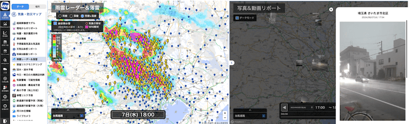 (左)雨雲レーダー&落雷 (右)写真&動画レポート
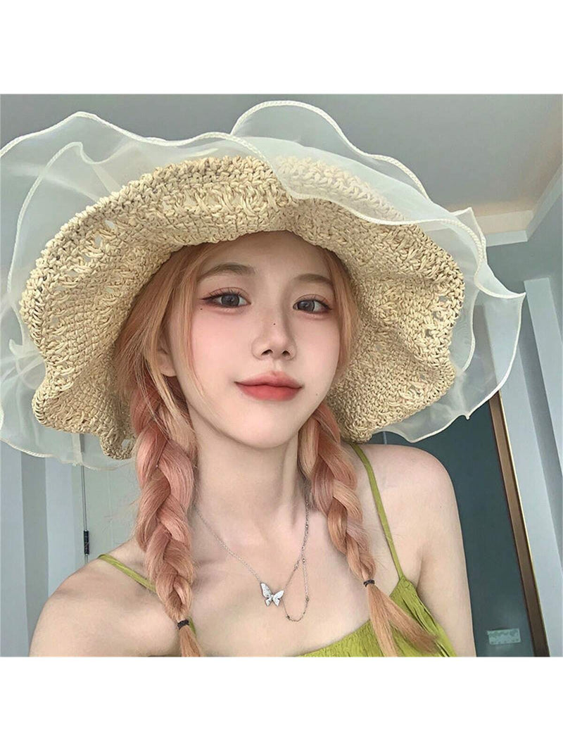 1. Summer Chic: Women's Ruffled Lace Detail Weaved Hat for Picnic & Beach Vacation
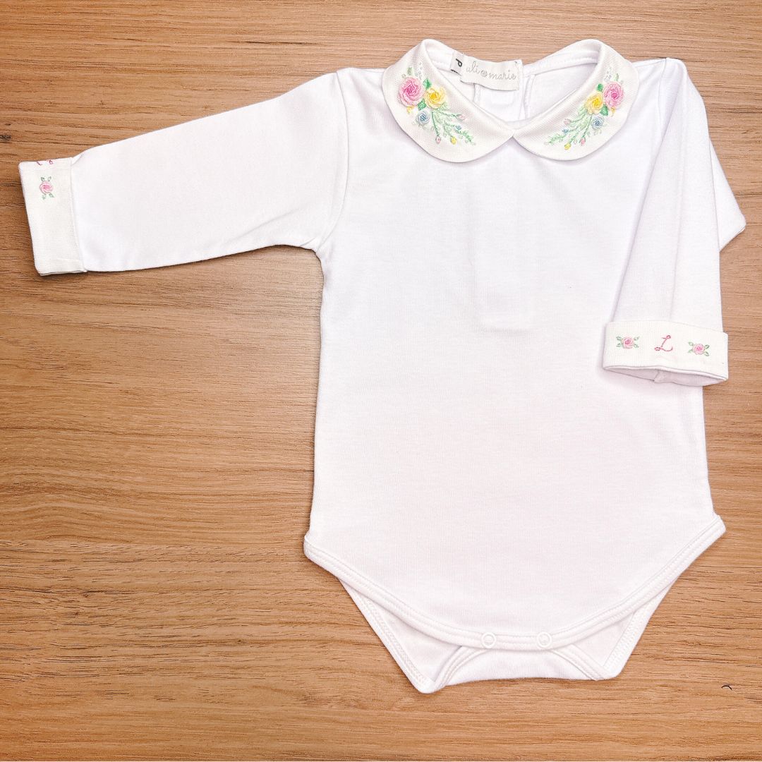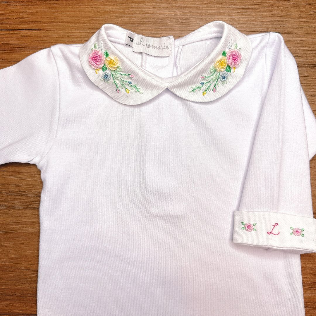 O grande diferencial deste body está na personalização: a inicial da bebê é bordada à mão no punho com todo carinho, o que torna cada peça única e exclusiva. Por ser um trabalho manual, o bordado pode apresentar leves variações de cor e tamanho.
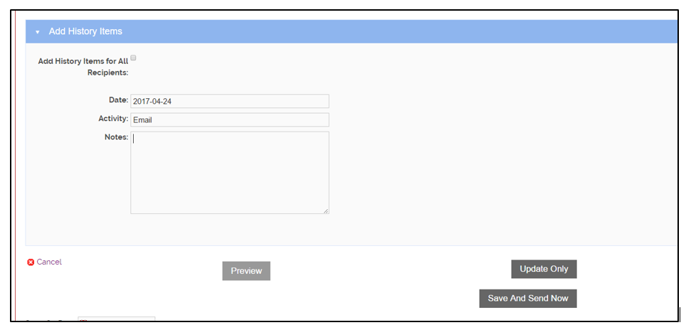 You can add a history item for the entire category you are sending to by clicking Add History Items, inserting the info and clicking “Update”.
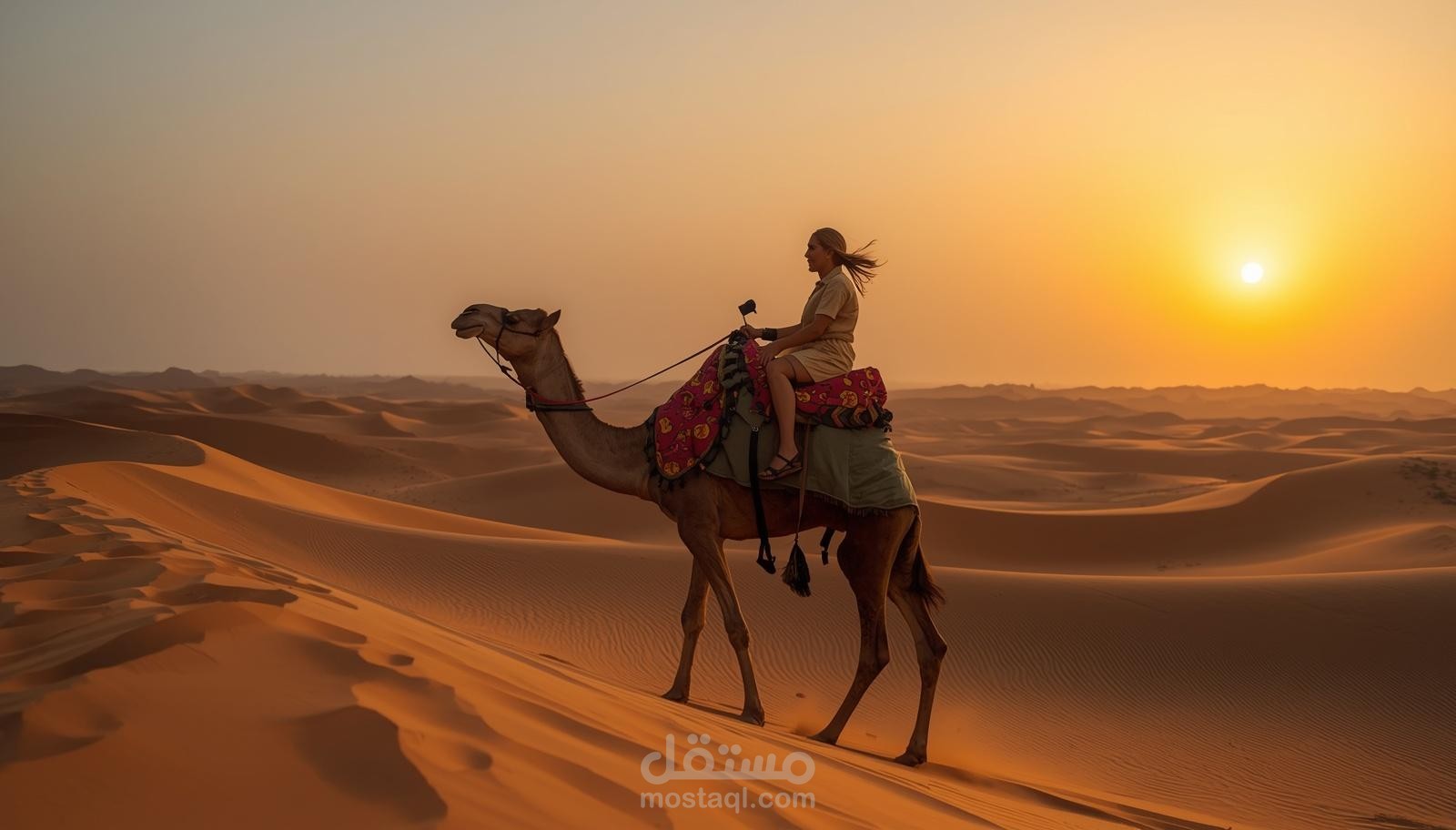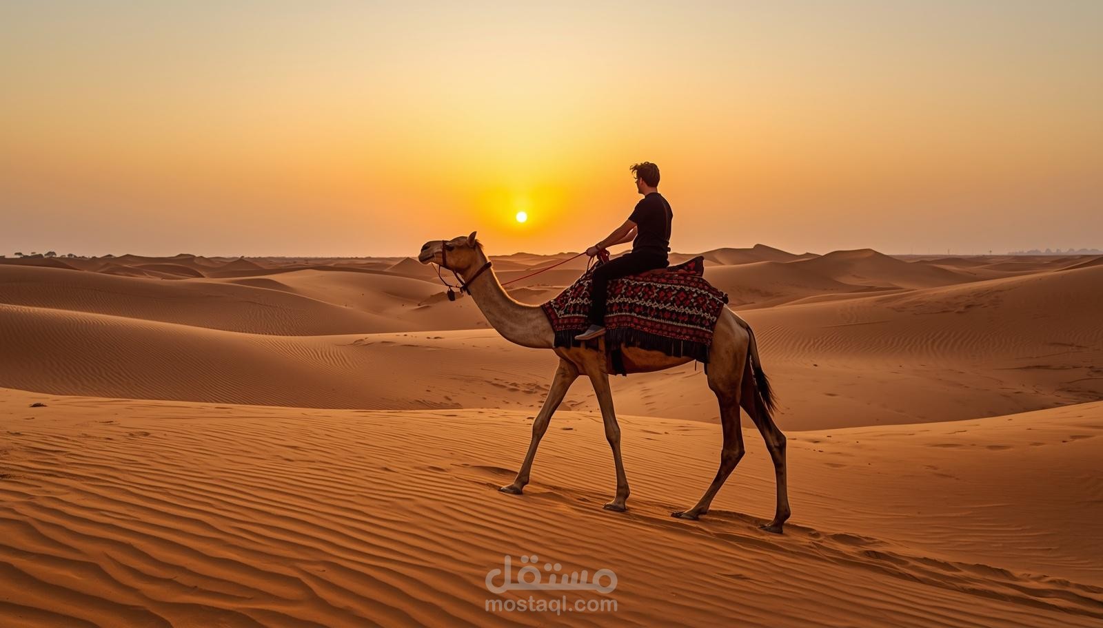 A camel ride is a guided experience where you ride a camel across the desert الرمال (sand dunes), just like ancient Bedouins did for travel. Camels are often called the “ships of the desert” because they were historically used for long journeys across الرمال.
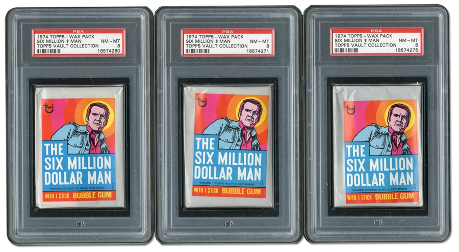 Beginning in 1951, Topps started producing baseball cards, and before long, the company became the standard-bearer for the industry. But within a few years, the company that originally manufactured bubble gum expanded to non-sports cards and stickers pertaining to the fads of the day such as outer-space (1950s), the Beatles (1960s), Cabbage Patch Kids (1980s) and Pokemon (1990s). But the 1970s proved to be a highly lucrative decade for the company. Not only were baseball and football cards at the height of their popularity, Topps struck gold with "Wacky Packages" and "Star Wars" cards. During this time, these very scarce, test-issue wax packs of the "Six Million Dollar Man" were produced, based on the popular TV show starring Lee Majors. The packs are all graded PSA 8 (NM-MT) and hail directly from the Topps Vault archive. "The Six Million Dollar Man" chronicled the adventures of a former astronaut with bionic implants and it ran from 1974 to 1978 on ABC.

********************

§ Try it:
Return the data exactly as it stands, minus the pictures.

§ Task result:
 (左)雨雲レーダー&落雷 (右)写真&動画レポート
 1. Summer Chic: Women's Ruffled Lace Detail Weaved Hat for Picnic & Beach Vacation
 O grande diferencial deste body está na personalização: a inicial da bebê é bordada à mão no punho com todo carinho, o que torna cada peça única e exclusiva. Por ser um trabalho manual, o bordado pode apresentar leves variações de cor e tamanho.
 You can add a history item for the entire category you are sending to by clicking Add History Items, inserting the info and clicking “Update”.
 A camel ride is a guided experience where you ride a camel across the desert الرمال (sand dunes), just like ancient Bedouins did for travel. Camels are often called the “ships of the desert” because they were historically used for long journeys across الرمال.
 Beginning in 1951, Topps started producing baseball cards, and before long, the company became the standard-bearer for the industry. But within a few years, the company that originally manufactured bubble gum expanded to non-sports cards and stickers pertaining to the fads of the day such as outer-space (1950s), the Beatles (1960s), Cabbage Patch Kids (1980s) and Pokemon (1990s). But the 1970s proved to be a highly lucrative decade for the company. Not only were baseball and football cards at the height of their popularity, Topps struck gold with "Wacky Packages" and "Star Wars" cards. During this time, these very scarce, test-issue wax packs of the "Six Million Dollar Man" were produced, based on the popular TV show starring Lee Majors. The packs are all graded PSA 8 (NM-MT) and hail directly from the Topps Vault archive. "The Six Million Dollar Man" chronicled the adventures of a former astronaut with bionic implants and it ran from 1974 to 1978 on ABC.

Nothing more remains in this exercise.